[Records from a data source]
↓↓↓

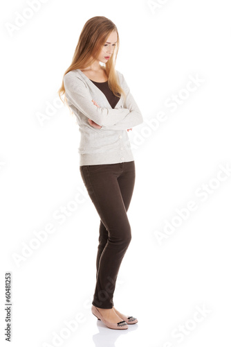 © Piotr Marcinski, Fototapeta premium Beautiful woman is standing, lookis sad, with her hands crossed.
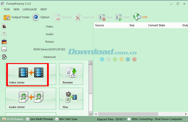 Tìm hiểu thêm » Hỗ trợ qua ZaloỞ những bài viết trước, Download.vn đã hướng dẫn bạn thực hiện cách chuyển đổi video, thay đổi ngôn ngữ giao diện và tạo nhạc chuông bằng Format Factory rất dễ dàng. Tuần này, chúng tôi xin tiếp tục giới thiệu cách nối video nhanh chóng cũng bằng cách sử dụng phần mềm convert video này. Các bạn hãy cùng tham khảo nhé!
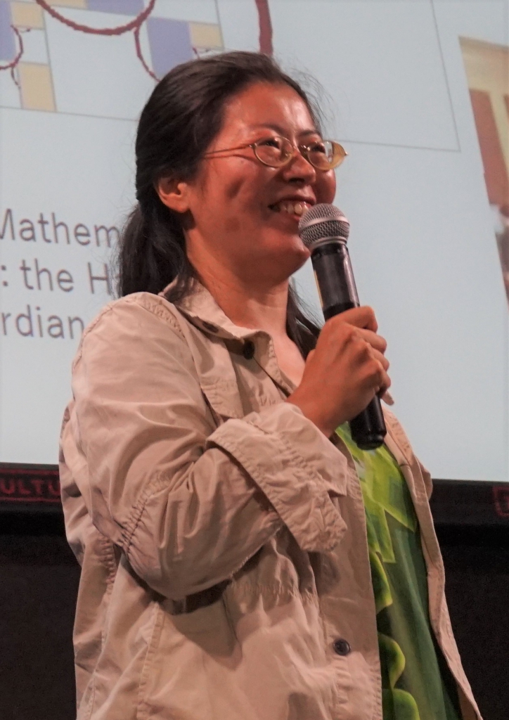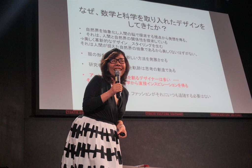 前半のトリを飾るのは世界的なウェディングドレスデザイナーのエマ理永さんです。エマ理永さんは10代の時にファッション、デザインを学びましたが、当時は感性が全てと言われており、数学の時間は寝ていてよい、と言われていたそうです。。。そんなエマ理永さんが理数の考え方に出会ったのはなんと40歳を過ぎてから。フラクタル、トポロジー、カオス、対数螺旋など数理の考えをデザインに取り入れることで、これまでになかった美しいドレスを生み出してきました。エマ理永さんの柔らかい口調のプレゼンと、美しいドレスの映像で会場にうっとりした空気が流れました!
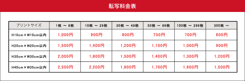 転写の料金設定は「アイテム代+プリント代・オプション代+送料」となります。 色数に制限がなくフルカラーの表現に最適で、生地に直接プリントするのではなく、一旦専用のシートに印刷して業務用プレス機で圧着する方法で、手触りが多少固めとなります。 多色マーク、写真などシルクプリントでは表現できない色表現、ボカシ、グラデーションなどの表現に適しています。 ※当サイトの価格はすべて税抜き表記となっています。
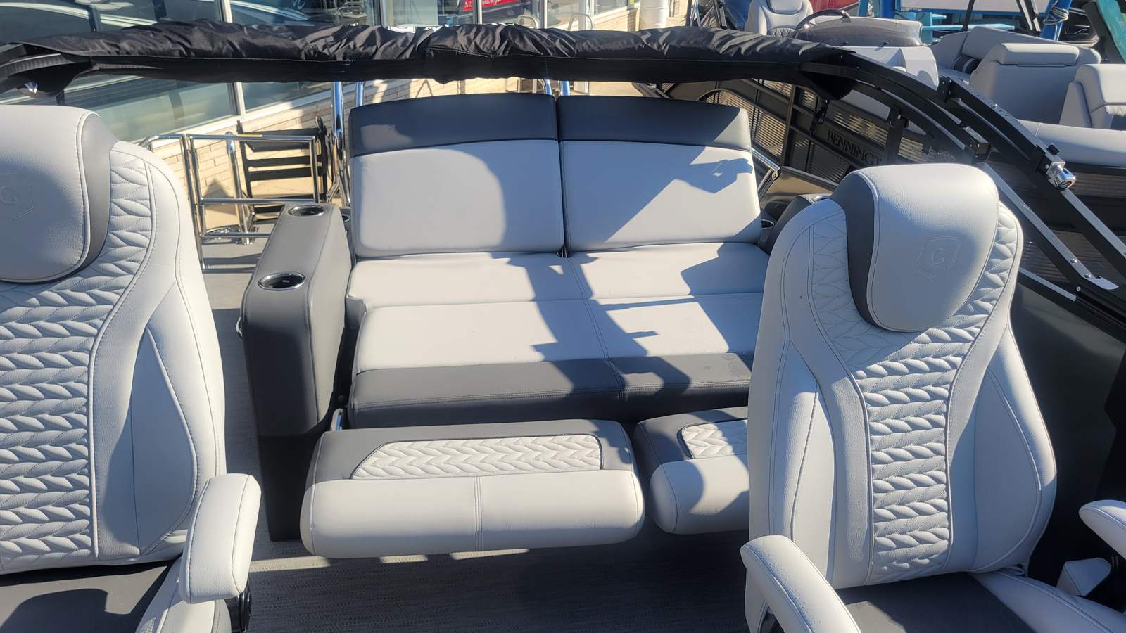 The Godfrey MC 235 DFL is packed with special features that enhance both functionality and enjoyment. The additional rectangle table with bases creates a perfect setting for meals, games, or socializing, while the dual battery switch with trays ensures reliable power management for extended outings. Storage is a breeze thanks to the in-floor charcoal storage mat and dedicated in-floor storage compartments, keeping your gear organized and accessible. The transom is designed with a 25-inch platform for added stability and convenience.A standout feature is the ScanStrut ATMOS Integrated Air Station, offering advanced air management for inflatables and water toys. The corner castings are crafted from bright polished stainless steel and feature LED lights with integrated pull-up cleats, exclusive to the extended deck. The carbon fiber top stripe graphics add a sleek, modern touch to the boat’s exterior, while the Lillipad ladder provides easy access for swimming and boarding.

↑↑↑

# Task to carry out:
Of the lines above, copy only those from the one holding "Tìm hiểu thêm" to the one holding "前半のトリを飾るのは世界的な", both included, and exclude every image.

# Task output:
 Tìm hiểu thêm » Hỗ trợ qua ZaloỞ những bài viết trước, Download.vn đã hướng dẫn bạn thực hiện cách chuyển đổi video, thay đổi ngôn ngữ giao diện và tạo nhạc chuông bằng Format Factory rất dễ dàng. Tuần này, chúng tôi xin tiếp tục giới thiệu cách nối video nhanh chóng cũng bằng cách sử dụng phần mềm convert video này. Các bạn hãy cùng tham khảo nhé!
 前半のトリを飾るのは世界的なウェディングドレスデザイナーのエマ理永さんです。エマ理永さんは10代の時にファッション、デザインを学びましたが、当時は感性が全てと言われており、数学の時間は寝ていてよい、と言われていたそうです。。。そんなエマ理永さんが理数の考え方に出会ったのはなんと40歳を過ぎてから。フラクタル、トポロジー、カオス、対数螺旋など数理の考えをデザインに取り入れることで、これまでになかった美しいドレスを生み出してきました。エマ理永さんの柔らかい口調のプレゼンと、美しいドレスの映像で会場にうっとりした空気が流れました!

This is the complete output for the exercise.